Floe is what happens when you stop scheduling and let the data trigger the work.
A new partition lands in bronze.delivery_defects? The corresponding gold.delivery_quality_daily partition is automatically marked stale and refreshed. A late-arriving defect for January 12? The January 12 gold partition refreshes — same code path, no special handling. A backfill? You replay the upstream snapshots; everything downstream catches up automatically. You write the SQL once, declare the freshness target, and Floe figures out the rest.
There is no scheduling. There is no "is the upstream fresh enough" decision in your code. The DAG knows.
Streaming-native lakehouses are a maturing space, but no project hits all five must-haves:
| Project | Event-Driven | Iceberg-Native | Dynamic Table DAG | Cloud-Agnostic | Local Mode |
|---|---|---|---|---|---|
| Apache Paimon | ✅ | ❌ (own format) | ❌ | ✅ | Partial |
| RisingWave | ✅ | Partial | ✅ | ✅ | ✅ |
| Flink + Iceberg (DIY) | ✅ | ✅ | ❌ | ✅ | ❌ |
| Delta Live Tables | ✅ | ❌ | ✅ | ❌ (Databricks only) | ❌ |
| Snowflake Dynamic Tables | ✅ | ❌ | ✅ | ❌ (Snowflake only) | ❌ |
| Floe | ✅ | ✅ | ✅ | ✅ | ✅ |
No existing open-source project combines all five. Floe fills this gap.

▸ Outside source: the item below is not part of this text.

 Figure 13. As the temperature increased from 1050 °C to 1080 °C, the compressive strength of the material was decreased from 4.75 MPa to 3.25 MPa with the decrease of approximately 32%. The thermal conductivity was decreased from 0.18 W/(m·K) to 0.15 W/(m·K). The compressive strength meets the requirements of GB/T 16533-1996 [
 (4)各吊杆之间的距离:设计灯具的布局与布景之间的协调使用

Floe is a coordination layer for declarative pipelines on Apache Iceberg. You declare your transformations and freshness targets; Floe handles dependency resolution, incremental refresh, lineage, and data quality routing.
Floe is not:
- A query engine. Floe does not serve interactive SQL queries. Use Trino, DuckDB, or Spark SQL to read Floe-managed Iceberg tables.
- A data catalog UI. Use Apache Polaris, Project Nessie, or your cloud provider's catalog.

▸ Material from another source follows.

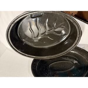 This metal oval roasting pan measures 15 1/2 inches long by 11 inches wide and 4 1/2 inches deep.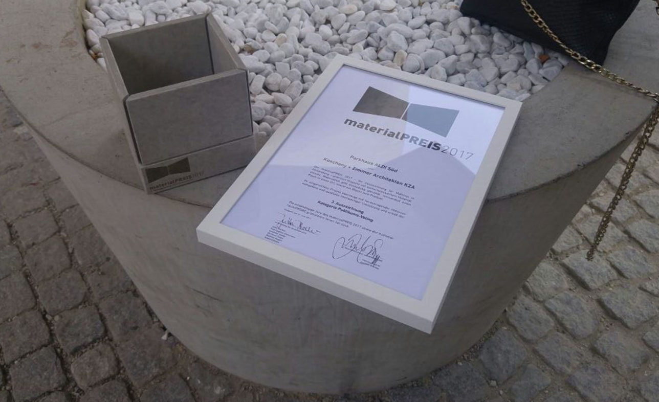 Über die Homepage der Stuttgarter Materialagentur Raumprobe hatten sich insgesamt 280 Architekten, Planer und Designer aus ganz Europa mit ihren Projekten dem Votum des Publikums gestellt. Gemeinsame Vorgabe für alle Einreichungen: der aufsehenerregende Einsatz besonderer Materialien. Auf das von KZA entwickelte Parkhaus von ALDI Süd in Mülheim an der Ruhr traf das zu. Denn die Verkleidung mit perforierten Alu-Paneelen vermittelt aus der Ferne den Eindruck eines Blicks in den Wald – und soll damit die Sicht auf eine mit Bäumen eingefasste Wiese ersetzen, die dem Neubau auf dem Firmengelände weichen musste.

- A replacement for Kafka/Flink. Floe is a coordination and declaration layer that orchestrates Flink jobs — it does not replace the underlying compute.

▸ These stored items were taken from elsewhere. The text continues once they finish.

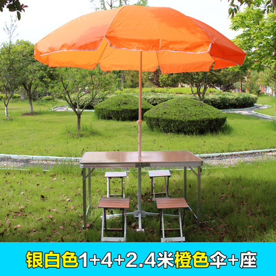 • 은백색 테이블, 스툴 4개 + 주황색 우산 2.4m 개 + 우산 앉기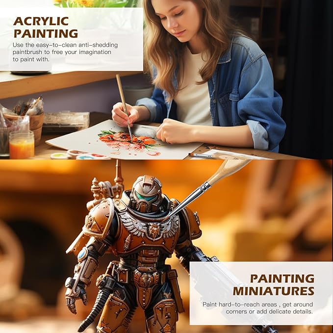 - 【Perfect for Precise Painting】Micro detail paint brush can handle various paintings such as acrylic, watercolor, tempera, enamel, gush, oil, paint by number,model car,airplane and miniature painting.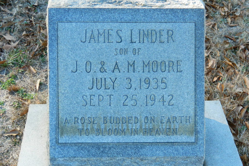 James Linder Moore, 7, passed away on September 25, 1942. He was buried at Smyrna United Methodist Church Cemetery in Elgin, Kershaw County, South Carolina.

Floe is a direct implementation of the patterns described in Snowflake's research papers: "Streaming Democratized" and "What's the Difference?"
Snowflake never modifies a file in place. Every write produces a new table version defined by the set of micro-partitions active at that timestamp. Apache Iceberg replicates this exactly:
- Every commit creates a new Snapshot ID
- Snapshots are immutable; old snapshots enable time travel
- Incremental scans read only the files added between two snapshot IDs:
read.option("start-snapshot-id", X)
This makes Iceberg the correct storage foundation for Floe — not Delta Lake (which has a different metadata model) and not a proprietary format.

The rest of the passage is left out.